Three years ago as we sat looking at the devastated tank we wondered do we restock or setup a bigger and better system, well we went for the latter, a 150 gallon system incorporating a 2 metre display tank with sump and minimal maintenance effort, I’d had enough of mixing up salt water, draping hose pipes across the living room and carrying buckets of water around.
 
The setup which we decided upon and has now been running for a ten years and is briefly as follows, the main tank sits on a home made timber base is 2000mm long, 600mm tall and 580mm wide with a weir at back centre feeding the sump. The top of the tank is open to allow maximum light penetration, illumination being provided by an Arcadia 3 series pendent.   Below the main tank to the left is a 1000mm long sump divided into three sections, to the right is a holding tank for R.O. water or saltwater storage and between them is a very compact space containing all the electrics, just!

If that hasn’t bored you already and you haven’t tuned the page then here are the details of the setup.

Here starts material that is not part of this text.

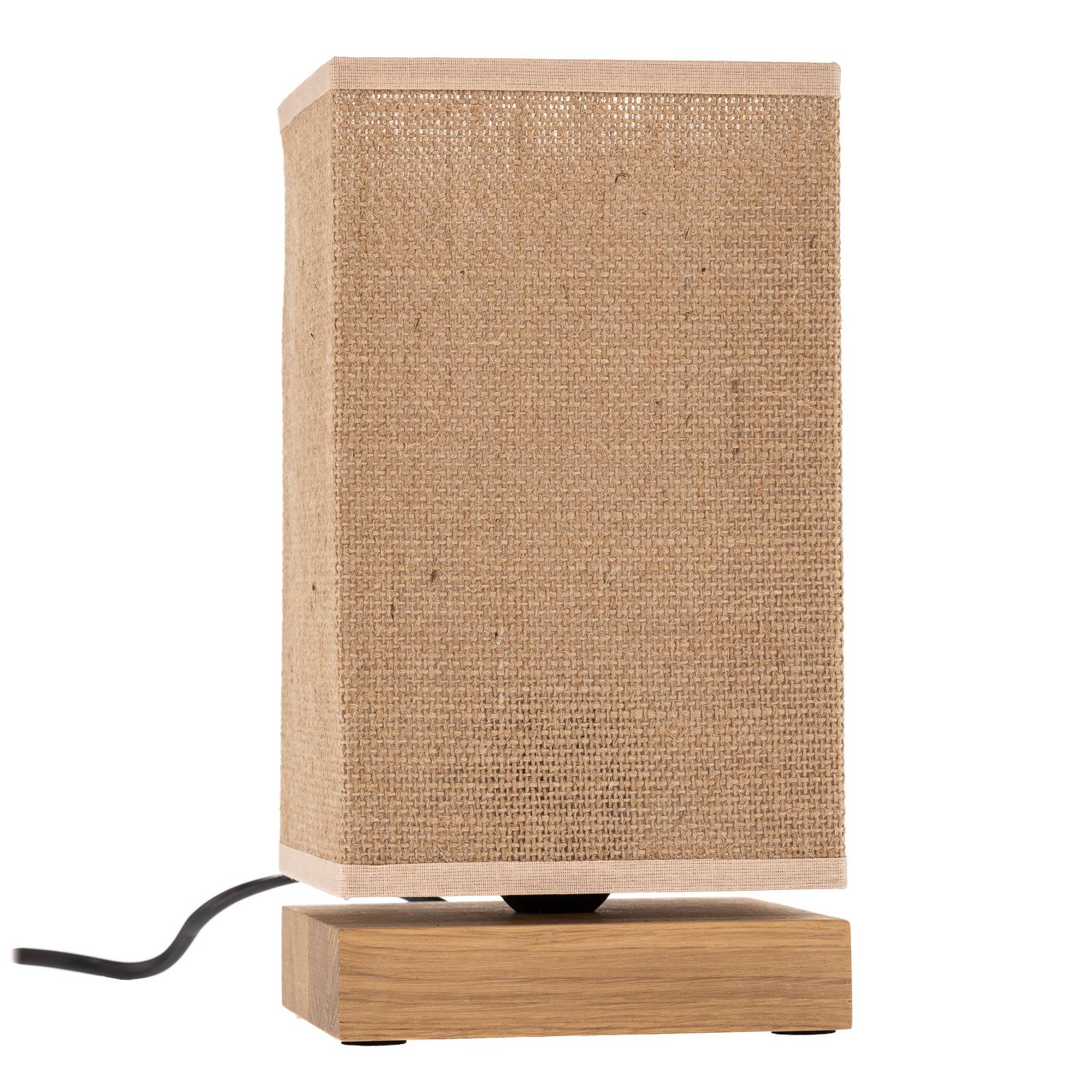 BRITOP Lampada da tavolo Canvas, rovere, angolare, beige, per soggiorno / sala da pranzo, legno di rovere, tessuto, E27, 40 W, lunghezza: 12 cm, larghezza: 12 cm, altezza: 24 cm

As I have already mentioned the main tank is 2metres long and allowing for rocks I reckon now holds about 100 gallons of water. At each side of the weir which is located rear centre and each rear corner of the tank, is a ‘Zoo Med’ oscillating power head, these four power heads are controlled by a System 2000 wave simulator module, they create random water movement in what would otherwise be quiet corners of the tank and help to push food and detritus forward, as power heads they are fine as oscillating water jets they are a waste of time, sticking when the least bit of dirt or grit manages to land in the gears requiring cleaning at least once a week to keep them moving, sorry this is supposed to be a low maintenance tank, they stuck a long time ago and can stay stuck! Originally these power heads were fitted with air injection tubes but they were so efficient at pulling in air that the main tank looked constantly cloudy with suspended small air bubbles so now they just move water and have no air intake.  Out of sight at the rear base of the tank there is a little (20kg) tufa rock for ballast on top of which is over 60kg of living rock which I consider to be the main filtration mechanism.  The bottom of the tank is covered with a thin layer of coral sand for cosmetic purposes.

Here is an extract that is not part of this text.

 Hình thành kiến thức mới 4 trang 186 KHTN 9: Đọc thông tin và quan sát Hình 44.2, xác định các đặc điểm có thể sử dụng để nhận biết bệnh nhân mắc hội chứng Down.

Lighting is provided by a 5 foot Arcadia ‘3’ series.  This unit houses three 150 watt 14,000K metal halide lamps and two 5’ marine blue actinic tubes, unfortunately the control system for the tubes failed some years ago and Arcadia are unable to provide a replacement.  The blue tubes were timed to come on at 07.00am and remain on until 10.00pm. The halides come on at 08.00am and remain on for 12 hours until 08.00pm.  Initially this light unit was thought to be a little too short however in retrospect it has been found to be useful to have the ends of the tank not quite so brightly lit for those species of corals which prefer slightly lower light conditions. To aid general light transmission the tank has an open top.

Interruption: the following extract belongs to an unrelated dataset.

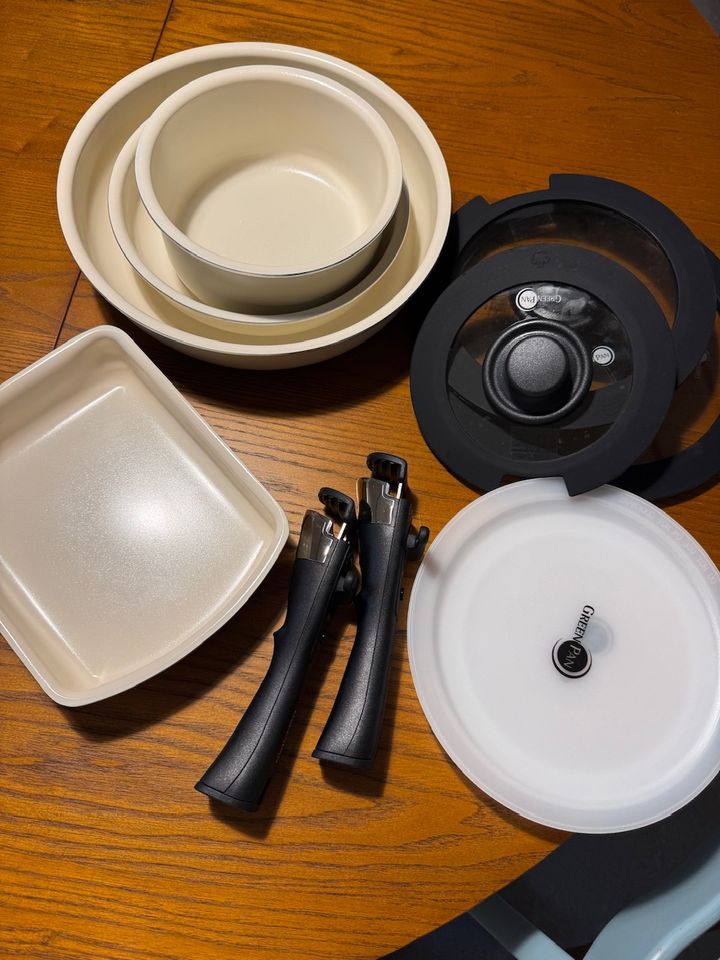 そんな私が今回購入した【グリーンパン】何が良いかというと・PFAS・PFOS・亜鉛フリー・フッ素樹脂不要・特許取得のセラミックコーティングこのセラミックコーティングのおかげで、加熱しすぎても傷がついても毒性のあるガスは発生しないんです!私は、福袋セットの14点セットを購入♡大きめのフライパン、小さいフライパン、小さめの鍋、着脱ハンドル2個

Holding all this up is a stand made from sawn and treated 2”x4”, there are ten support legs in total with four diagonals braces to add rigidity.  Each leg is about 20” apart and is positioned to sit exactly over the floor joists  (which have themselves been given extra support).  Two 4”x4” battens run left to right at the top and two at floor level, these are fixed to treated 18mm weatherproof boards, it’s built a bit like a battleship but it does have to support around 2,000lb.  The whole construction sits on inverted carpet tiles glued to the bottom board and the tank itself sits on a polystyrene base.  The dimensions of the tank and stand are such that they are an exact multiple of standard kitchen units therefore they fit exactly inside standard kitchen cabinet size doors, which in my case were made by B&Q.  The doors and sides clip on to the stand and can all be easily removed for maintenance and cleaning.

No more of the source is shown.